Mas, também é fato incontroverso que a Câmara de Vereadores de Quilombo-SC vinha, há muito, publicando seus atos no aludido
jornal, único órgão de imprensa do Município, e continuou a faze-lo, pelo mesmo preço, depois que o réu deixou a Presidência do
Legislativo local (vide fls. 130-135 e 174-176)
Por mais ostensiva que se revele a promoção do réu, não há - salvo um forte juízo de suspeita - provas a dizer que as aparições do
réu se inseriam no objeto do contrato entre a Câmara e a empresa jornalística. É até lícito presumir que, em virtude da celebração
daquele contrato, o jornal se empenhava em agradar, bajular e alimentar o protuberante ego do edil. Mas, isso nada seria além de
mera e agradecida liberalidade do dono do jornal.
É normal, ainda mais num Município pequeno, que, juntamente com as notícias diárias e publicações oficiais, o jornal veiculasse
notícias de eventos sociais, mesmo frugais, envolvendo pessoas de alguma notoriedade, como agentes públicos ou políticos.
Como disse o diretor do jornal, "na coluna 'Variedades' todas as pessoas em evidência são registradas, inclusive todos os
vereadores deste Município, o Prefeito e demais autoridades", complementando adiante que "a coluna VARIEDADES é de inteira
responsabilidade do jornal, sendo que nunca foi cobradovalor algum de qualquer pessoa que seja que lá tenha sido destacada,
sendo, portanto, uma coluna social, a qual retrata os acontecimentos sociais importantes da nossa cidade e região, não tendo,
qualquer finalidade financeira" (sic - fl. 104).

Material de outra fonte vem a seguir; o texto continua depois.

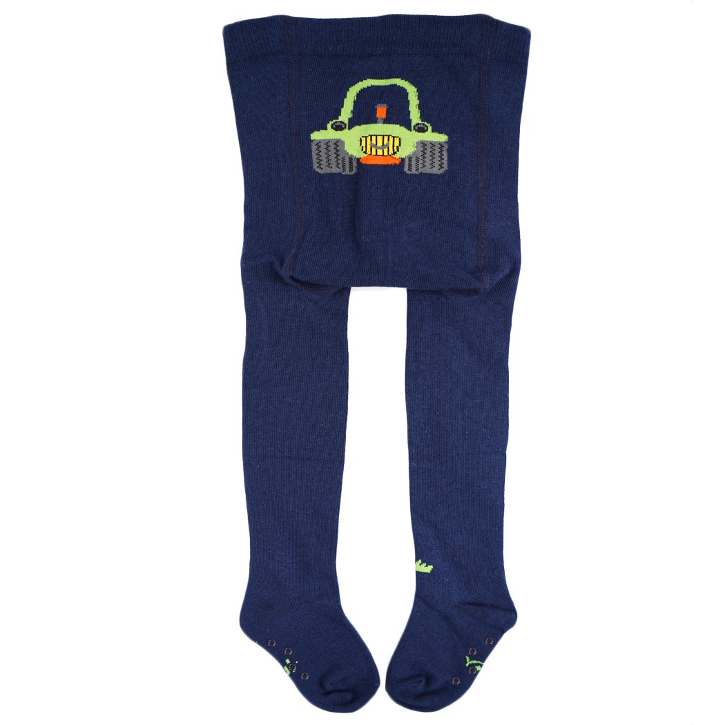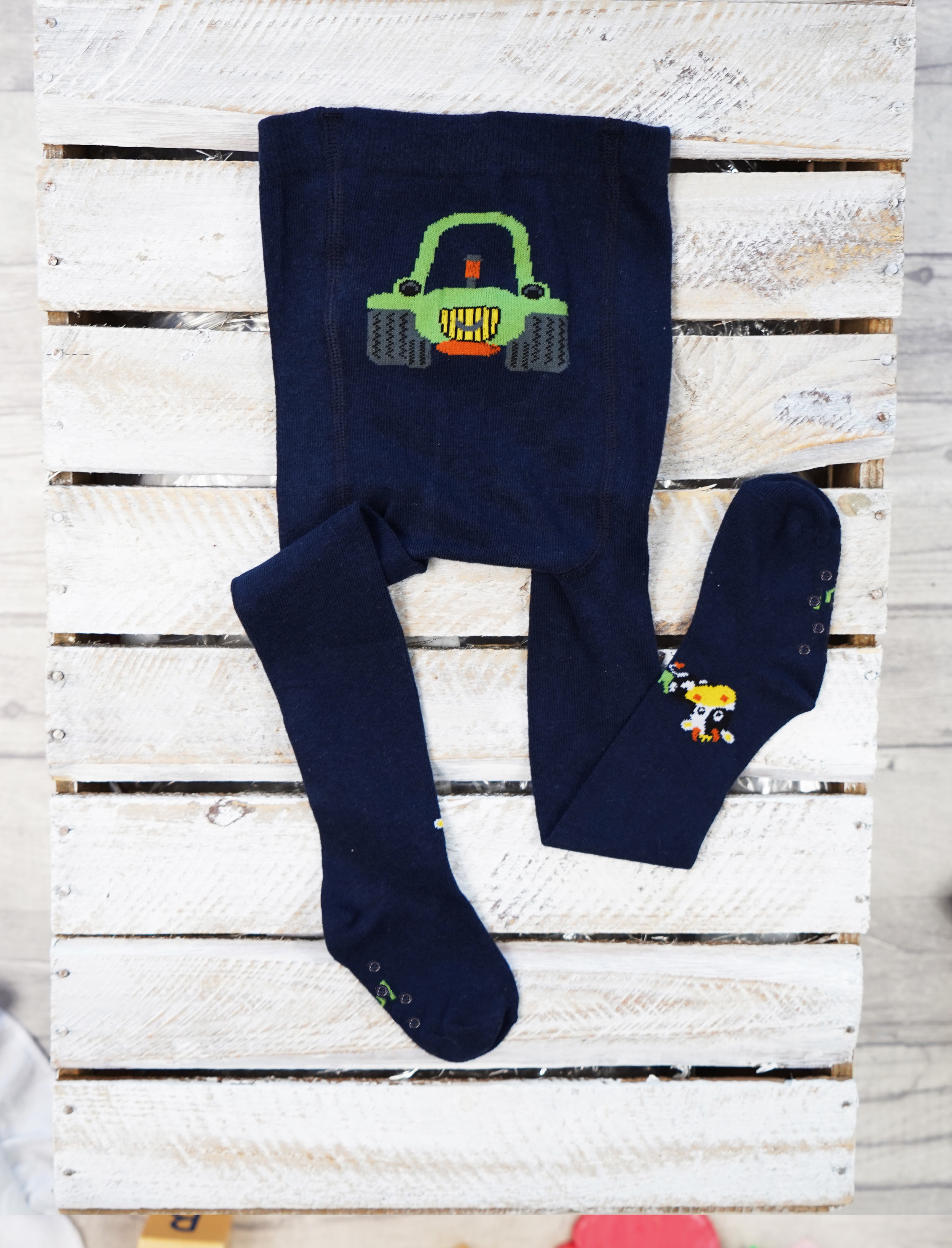 Granatowe rajstopki bawełniane dla chłopca z traktorem i ABSem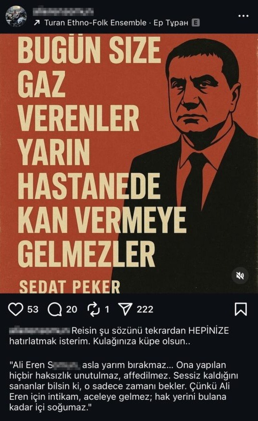 > 'Kulağınıza küpe olsun. Ali Eren S. asla yarım bırakmaz. Ona yapılan hiçbir haksızlık unutulmaz, affedilmez. Sessiz kaldığını sananlar bilsin ki o sadece zamanı bekler. Çünkü Ali Eren için intikam aceleye gelmez. Hak yerini bulana kadar içi soğumaz. SS alın.'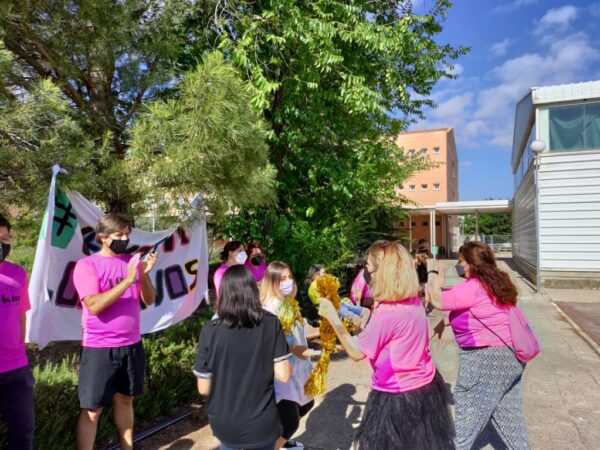 Todo comenzó con ambos equipos bien diferenciados por las camisetas que nos ha donado el ayuntamiento . Alumnos amarillos contra profesores fucsias; unos desfilando con su pancarta, otros escuchando la charla motivacional de Jaime.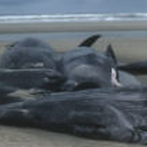 The venter and genital openings of a male whale lying on the beach.

Tudo isso pode ser verdade, mas o fato é que ninguém frequentou tanto essa coluna como o Presidente Vardelino Dias de Oliveira.
De qualquer modo, o fato do agente político aparecer diuturnamente nas páginas de um jornal ou na tela da televisão não pode,
por si, ser tido como ato de improbidade administrativa. Somente o será se essa publicidade for custeada pelos cofres públicos.

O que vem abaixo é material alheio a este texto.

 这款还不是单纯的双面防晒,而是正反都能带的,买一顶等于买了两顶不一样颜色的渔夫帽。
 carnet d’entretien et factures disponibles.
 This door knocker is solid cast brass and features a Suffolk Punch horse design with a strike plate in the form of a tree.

Nenhuma responsabilidade lhe poderá ser carreada se a promoção pessoal for bancada com recursos próprios ou ser for uma
liberalidade do órgão de imprensa.
No caso em exame, como dito linhas antes, desconsideradas as presunções e suspeitas, não há prova a revelar que, pelo valor
mensal do contrato para a divulgação de atos oficiais, o jornal também deveria divulgar as atividades oficiais e recreativas do
Presidente da Câmara.
Com estas considerações, dou provimento ao recurso para, reformada a sentença, julgar improcedentes os pedidos, sem encargos
de sucumbência para o autor.
3. DECISÃO
Nos termos do voto do relator, decidiu a Câmara, por unanimidade, dar provimento ao recurso.
Participaram do julgamento, realizado nesta data, os Exmos. Desembargadores Cid Goulart e João Henrique Blasi,
lavrando parecer, pelaProcuradoria-Geral de Justiça, a Exma. Procuradora Vera Lúcia Ferreira Copetti.
Florianópolis, 15 de fevereiro de 2011.